Neglecting treatment uncertainties leads to avoidable suffering

Healthcare abounds with uncertainties about the effects of treatments. When therapeutic uncertainties have not been addressed, subsequent research has gone on to show, in retrospect, that patients had suffered and died unnecessarily.^1,2 Suffering has occurred either because patients have been prescribed treatments that turned out to do more harm than good (steroids for traumatic brain injury, for example); or because helpful treatments had not been recognised earlier to be beneficial (for example, steroids given to women expected to deliver babies prematurely). In these ways, patients and the public have suffered from failures to facilitate and promote research to address uncertainties about the effects of treatment already being used in routine care.

Who is responsible for promoting the research needed to address treatment uncertainties and thus reduce harmful elements of healthcare?³ A wide range of people could be considered to share in this collective responsibility, including research funders, researchers, health professionals and patient groups. A particularly heavy responsibility must inevitably lie with the health professionals who prescribe or withhold treatments with uncertain effects. This principle is made explicit in the section entitled ‘Maintaining and improving your performance’ in the UK General Medical Council’s 2006 expectations of doctors. Paragraph 14f in Good Medical Practice states: ‘You must work with colleagues and patients to maintain and improve the quality of your work and promote patient safety. In particular, you must help to resolve uncertainties about the effects of treatments’.⁴

Although this expectation reflects a responsible professional standard, the General Medical Council unaccountably abandoned it in the 2013 edition of Good Medical Practice.^5,6

Obstacles facing proposed research to reduce treatment uncertainties

Several obstacles confront those healthcare professionals who wish to promote research to address uncertainties about the effects of their treatments. All of these obstacles can be reduced if there is a will to do so.¹ For example, research can be commissioned to assess the uncertain effects of treatments that are of no commercial or academic interest, and incentives of various kinds can be used to promote collaboration in controlled trials of a size sufficient to assess treatment effects on outcomes that matter to patients. The RECOVERY trial, which randomised 20,000 patients to several different COVID-19 treatments, illustrates the potential¹: the National Institute for Health Research provided emergency funding to address priority questions and to support a trials network infrastructure.
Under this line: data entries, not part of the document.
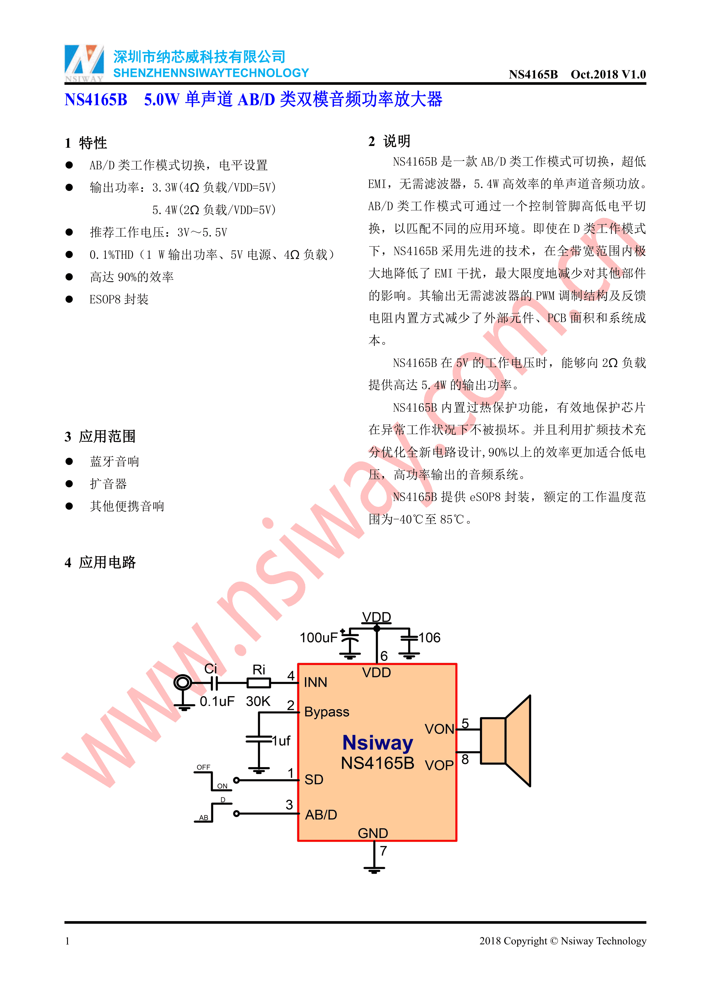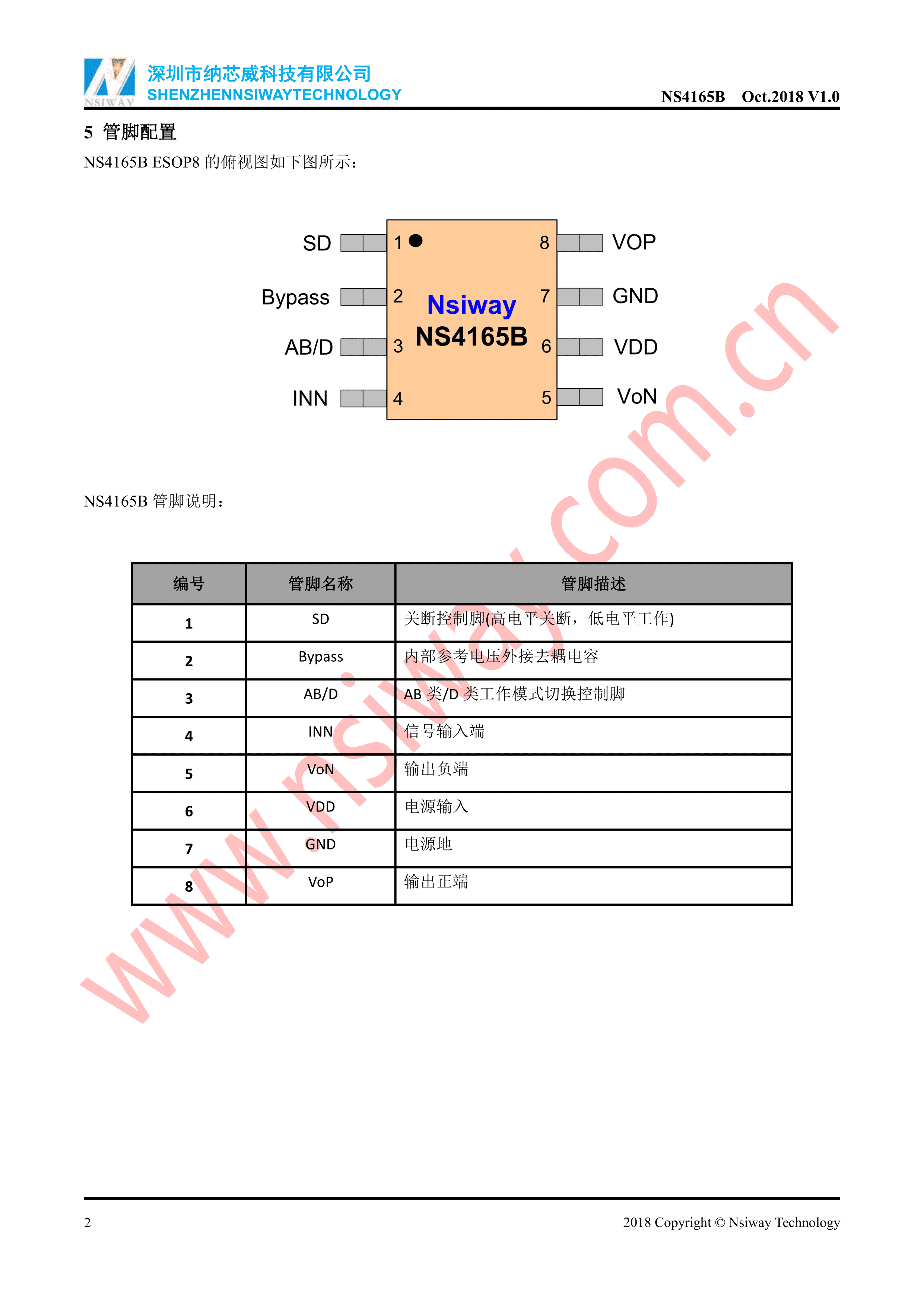 NS4165数据手册SOP-8EP_150mil封装Nsiway(纳芯威)PDF规格书,中英文下载
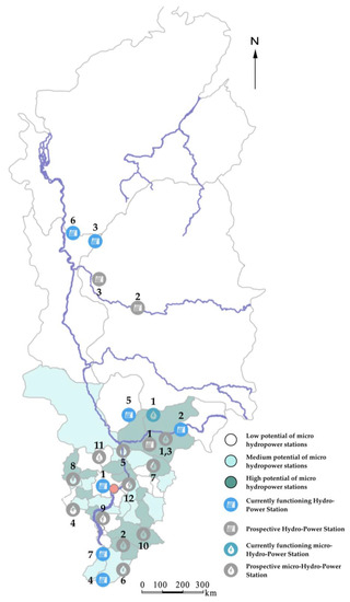 - Municipal entities with the potential for the development of micro hydro power stations: (1) Motyginskiy; (2) Kuraginskiy; (3) Boguchanskiy; (4) Nazarovskiy; (5) Bolʹshemurtinskiy; (6) Karatuzskiy; (7) Abanskiy; (8) Tiukhtetskiy; (9) Novoselovskiy; (10) Sayanskiy; (11) Bolʹsheuluĭskiy; (12) Sukhobuzimskiy.
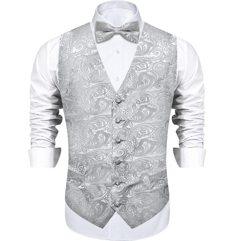 - 【CLOTHING MATCH】This silver paisley suit vest and bowtie set work well with your shirt,suit or tuxedo for the best-dressed look,suit for formal or informal occasion such as:wedding,banquet date,working,dating,party,prom, poliday leisure or daily wear for all seasons
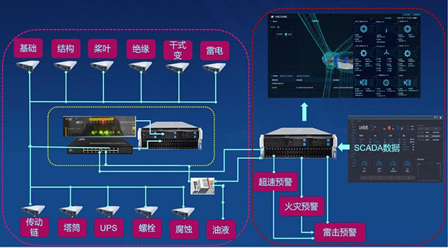 该系统通过对风电机组关键部件加装高性能的机电、超声、光电传感器,并对其数据采集,结合历史数据提取故障特征,利用神经网络等大数据算法,实现风机状态监测、视频监控系统、超速预警、消防预警、风机IP 电话系统、扩展功能等。同时,融合多参数信息,实现机械、电气与视频特征量的监控、预警与诊断,加强机组安全,实现预防性的运营维护和智能化风场。
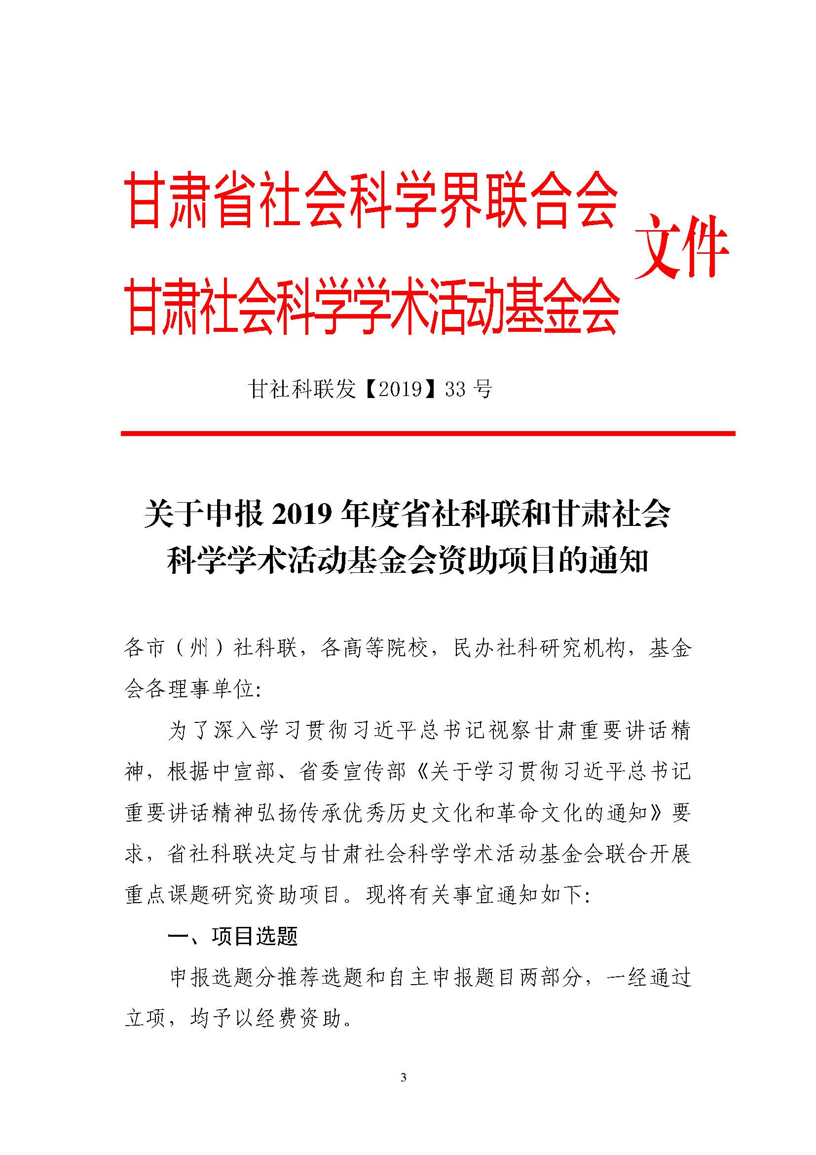 关于申报2019年度省社科联和甘肃社会科学学术活动基金会资助项目的通知

Significantly, the Chief Medical Officers of England, Scotland, Wales and Northern Ireland wrote to clinicians to urge them to treat patients within the RECOVERY trial platform rather than use medications ‘off-label’.

A further potentially remediable obstacle is hyper-regulation of research to compare treatments that have already been adopted in routine practice.⁷ Since the introduction of research ethics committees (RECs) in the 1960s, surveys have shown repeatedly that the processes used and judgements made by RECs vary greatly.^8–13 When the same research protocol has been submitted to many RECs, committee judgements have ranged from very low adjudged risk and complete exemption from ethics review, to being so risky that the treatments should not be permitted. Fifteen years ago, we suggested in a BMJ editorial that ‘ethics review roulette’ is an intervention in the healthcare system that had been less evaluated than it should have been.¹⁴

The obstacles presented by ethics review might be justified if it could be shown that, on balance, the burdens of the review do more good than harm to patients’ interests. That may well be plausible for treatment innovations, but seems very unlikely to apply to treatments that have already been adopted within routine care without sufficient assessment. Indeed, research hyper-regulation in these circumstances seems more likely to operate against the interests of patients and the public. Attempts by researchers to survey the functioning and effects of research ethics committees have met with only limited success. For example, in a recent study of how they function in the United States, only 40% of those approached agreed to participate.¹⁵

After estimating the high costs of obtaining ethics and site-specific approvals for multi-centre research, Petrova and Barclay concluded: ‘If we continue to work under current systems, we are perpetuating, paradoxically, an unethical system of research approvals by virtue of its wastefulness and impoverished ethical debate’.¹⁶

Adverse effects of ‘a confused ethical analysis’

Some obstacles are less tractable than others, particularly when they result from a confused ethics analysis that underlies an illogical double standard governing treatment. As an American medical sociologist once put it: ‘Doctors are at liberty to do anything thing they like in the clinic as long as they undertake not to learn from the experience!’

Richard Smithells, a British paediatrician, drew attention to the double standard many years ago when he observed: ‘I need permission to give a drug to half of my patients [to find out whether it does more good than harm], but not [if I want] to give it to them all’.¹⁷

Two decades later, John Lantos, an American paediatrician and ethicist, pointed out that: ‘This confusing real world situation seems to reflect a confused ethical analysis’.¹⁸

Seeds of this confusion were sown in the 1960s by commentators who did not distinguish clearly between research done to assess the effects of treatments already adopted in clinical practice and the many other types of research, some of which undoubtedly do need ethics assessment. In the UK, Maurice Pappworth’s 1967 book – Human guinea pigs: experimentation on man¹⁹ – exposed some scandalous examples of unethical, mainly preclinical research, and the book was very influential in prompting the creation of research ethics committees.²⁰

The title of Pappworth’s book raised the question of what was meant by the word ‘experimentation’. Illogically, and with no empirical evidence to support it, a damaging view became promoted and entrenched, namely, that the interests of the vast number of patients involved in the ‘uncontrolled experiments’ of everyday medical ‘tinkering’ are less in need of protection than are those of the much smaller number of patients who are involved in planned, properly controlled clinical experiments addressing demonstrable treatment uncertainties.^21,22 Pappworth failed to make this important comparison,^19,20,23 despite being challenged publicly to do so more than once.^24,25

How do professionals deal with uncertainties about treatment effects?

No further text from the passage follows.